> _DATA_
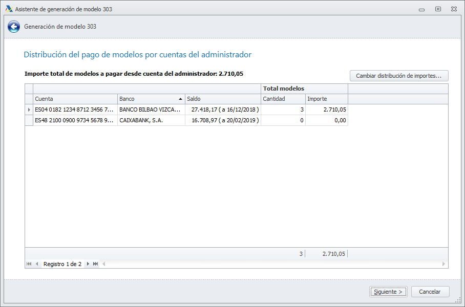 Únicamente en el caso de que los arrendadores implicados tengan configurada en su ficha más de una cuenta bancaria del administrador, se mostrará la siguiente ventana, que permitirá cambiar la distribución de importes. Si todos los arrendadores implicados tienen configurada la misma cuenta bancaria del administrador, esta ventana no se mostrará. Haga clic aquí para obtener más información sobre la distribución de importes.
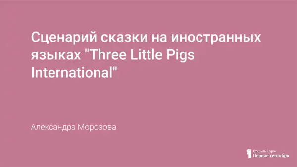 Сценарий традиционной сказки претерпел некоторые изменения: в сказку был введен рассказчик (Бабушка), повествующий своим внукам сказку о трёх поросятах; братья-поросята заговорили на разных иностранных языках, т.к. жили долгое время в разных странах и в связи с этим испытывали трудности в общении друг с другом. Но совместно пережитые невзгоды (нападения Волка на них и их жилища) укрепили их дружбу, а язык дружбы понятен всем и каждому.
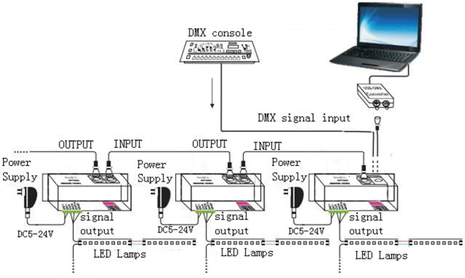 Giriş voltajı: DMX-SPI dekoder gelişmiş mikro kontrol ünitesi benimser,
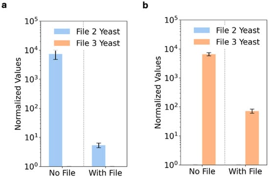 Transformation of yeast with file DNA partially impacts display efficiency but not labeling specificity. (a) The MYC epitope tag specifically labeled File2 (b) and the FLAG epitope tag specifically labeled File3. Yeast with and without transformed file DNA were compared. The normalized fluorescence values were calculated from the median values of the fluorescence populations using Equations (S1) and (S2), with error bars representing the standard error. Replicates were three different yeast inductions.
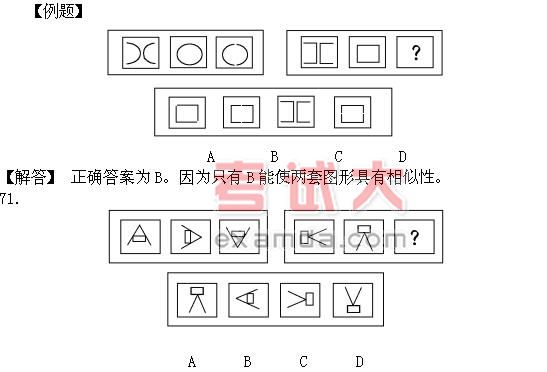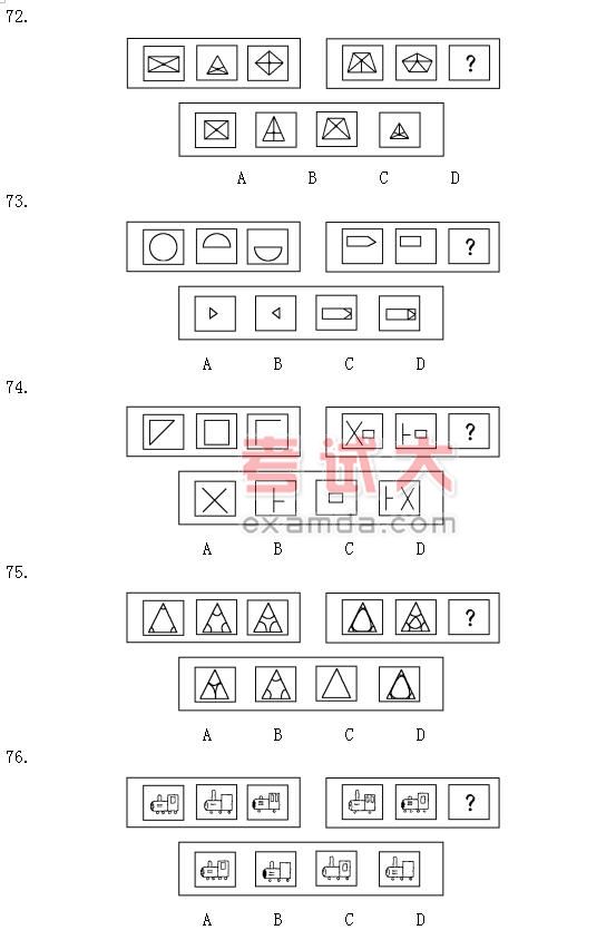 每一道题给出两套图形,左套中的三个图形在构成上,或变化上,具有某种特点或遵循某种规则。要求从下面四个选项中,选择一个取代右套中的“?”,使右套图形也具有与左套图形相同或相似的构成特点或变化规则。

> _YOUR OBJECTIVE_
The answer should contain only the lines from the beginning of the material above through the line with "Giriş voltajı: DMX-SPI", retyped exactly, with the pictures removed.

> _PROBLEM SOLUTION_
 Únicamente en el caso de que los arrendadores implicados tengan configurada en su ficha más de una cuenta bancaria del administrador, se mostrará la siguiente ventana, que permitirá cambiar la distribución de importes. Si todos los arrendadores implicados tienen configurada la misma cuenta bancaria del administrador, esta ventana no se mostrará. Haga clic aquí para obtener más información sobre la distribución de importes.
 Сценарий традиционной сказки претерпел некоторые изменения: в сказку был введен рассказчик (Бабушка), повествующий своим внукам сказку о трёх поросятах; братья-поросята заговорили на разных иностранных языках, т.к. жили долгое время в разных странах и в связи с этим испытывали трудности в общении друг с другом. Но совместно пережитые невзгоды (нападения Волка на них и их жилища) укрепили их дружбу, а язык дружбы понятен всем и каждому.
 Giriş voltajı: DMX-SPI dekoder gelişmiş mikro kontrol ünitesi benimser,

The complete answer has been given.